Teri reaches for the doorknob. A-ha! Step one accomplished. My watch is on her wrist. I can’t believe her. Not only did she flat out steal it—from a church basement, I’d like to point out—she has the balls to wear it. I grind my feet in the dirt, unsure of what to do. Step two, “tackle her,” seems highly theoretical right now.

Teri turns toward where I’m hiding and squints through her glasses. Her left eye is bruised and swollen from the cafeteria fight. She points to me.

Damn.

“Hey, Kate!” Teri calls loudly. “You coming in?”

Ms. Cummings is startled. She looks toward the shadows. “Kate?”

Double damn. How am I going to explain this? I just wanted my watch back, then a long hot shower, a bag of Chee•tos, maybe a couple of hours on-line.

“Come on in, Katie.” Teri sounds like a carnival barker. “Meet the family.”

2.11 Half-Life

In the middle of the Litch living room there are two kitchen chairs, a couch, and a television tuned to a game show, full volume. Broken furniture is piled against the walls, along with file cabinets, a lawn tractor, and a folded-up playpen. A wicker basket of plastic fruit rests on the tractor seat—red apples, two pears, and an orange, all of them covered in crayon graffiti. The ceiling is stained brown from cigarette smoke. The arrangement is lighted by two floor lamps plugged into extension wires that snake under the couch.

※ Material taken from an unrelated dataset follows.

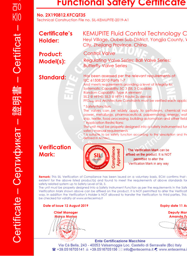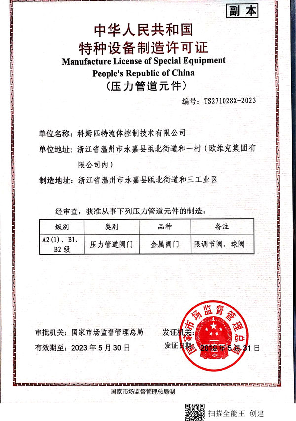 特种装备型式试验证书(球阀)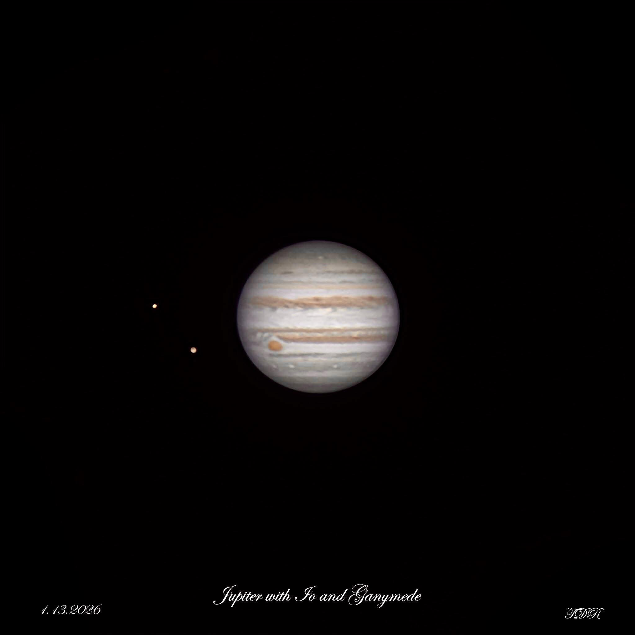 If you can stand it, another Jupiter. This time with the moons Io (upper) and Ganymede. It’s hard not go shoot it when conditions are good and it’s at opposition. One month from now, Jupiter will appear 20% smaller to us! Amazing to think about!

“It’s a very old house,” says Ms. Cummings. “The original section must pre-date the Civil War.”

“I bet.”

Just beyond the reach of the light I can see a small rocking chair in the corner. In fact, the whole corner looks like it was set up for a little kid. The floor is covered with a brightly colored
Sesame Street
rug that is scattered with plastic blocks and metal cars. More cars and trucks are jumbled in an old Easter basket. The bookcase under the window is loaded with books and puzzles. The corner is not tidy, but it is clean.

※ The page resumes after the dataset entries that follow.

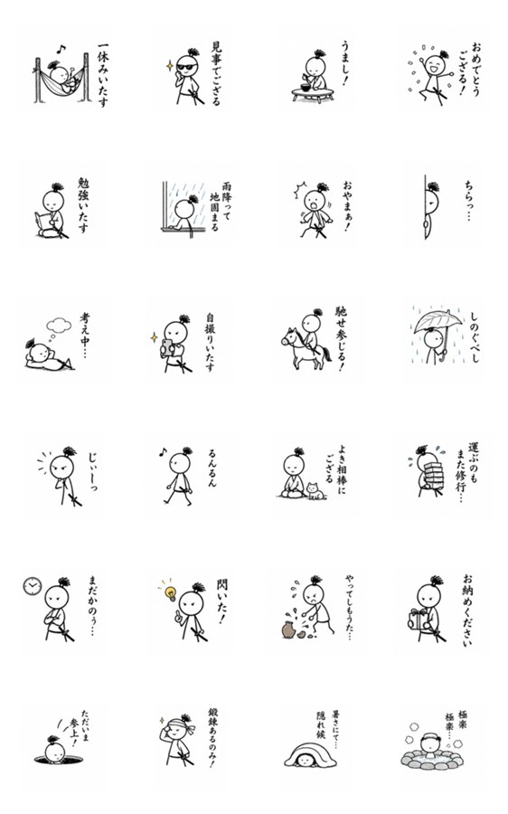 | スタンプ説明 | Cute and lovable Yuru Samurai daily stickers 24 designs. Short phrases for greetings thanks and chats. Share warm feelings with family friends and coworkers. |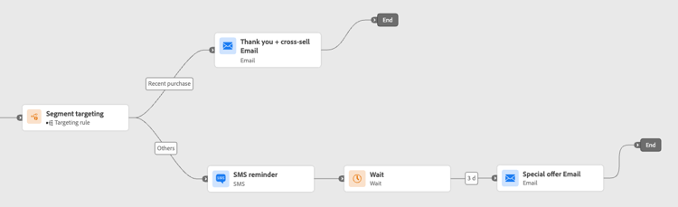 Os clientes que compraram recentemente podem entrar em um caminho curto de "Obrigado + Venda cruzada", enquanto aqueles sem histórico de compra entram em uma jornada de criação mais longa.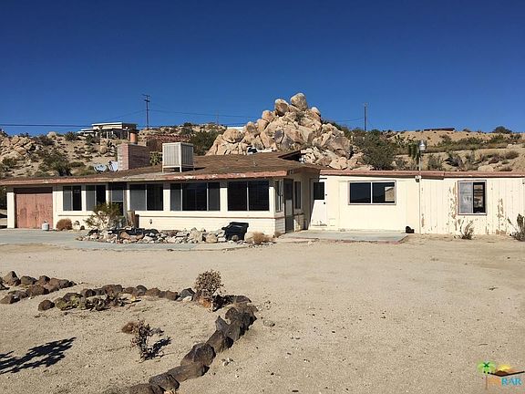 Mid-Century Fixer located on almost 9 acres of pristine, magical, landscape- this wonderful property captures the views and tranquility of the Western Hills Estates area of Yucca Valley, due to its remote location. When standing in the enclosed glass porch and looking out at the Valley and mountains, one is taken back by the sheer beauty of the landscape and magical hillside sunsets. Upon leaving the main house, head south to reach the guest house, which is perched on the hillside among the beautiful rocks and desert landscape. The property is only 2 miles from downtown but cloistered by a field of boulders and accessed by way of a short dirt road- perfect for working artist studios. Artists, including large format sculptors, may legally conduct business on-site on all three parcels completely exempt from oversight and regulation of the Town's normal Home Occupation Permit process. Call it your remote creative space/vacation getaway, and come and re-charge from the busy city lifestyle!

Ms. Cummings shifts the box to her hip. “I didn’t know you were friends with Teri.”

“I’m not. She stole something from me.”

Before she can answer, Teri guides a tiny woman into the room. The woman inches across the floorboards in scuffed slippers. She’s not wearing glasses, but it’s clear she can’t see well. She keeps one hand floating lightly in the air in front of her.

Teri leads the woman to the couch. She sits, barely making a dent on the cushion. Two bobby pins keep her blonde hair out of her face. Her nose is flat and crooked, her eyes vague, her mouth thin. A pink scar interrupts her left eyebrow. It makes her look permanently confused. Even with the nice hair, this is the kind of woman you look at and think “bag lady.”

“This is my mom,” Teri says.

I look to my teacher for a clue.

“It’s good to see you again, Mrs. Litch,” Ms. Cummings says. She sets the box on the floor, steps forward, and gently squeezes one of Mrs. Litch’s hands. “I’m Amanda Cummings, from the church. We met a few weeks ago.”

Mrs. Litch’s face relaxes. “Yes. Thank you for coming.” Her voice is too young for her face. “Have a seat, please.”

“No, I can’t. I just dropped a few things off for dinner.”

“For just a minute?”

Ms. Cummings sits on a kitchen chair. “Okay, but I don’t want to intrude.”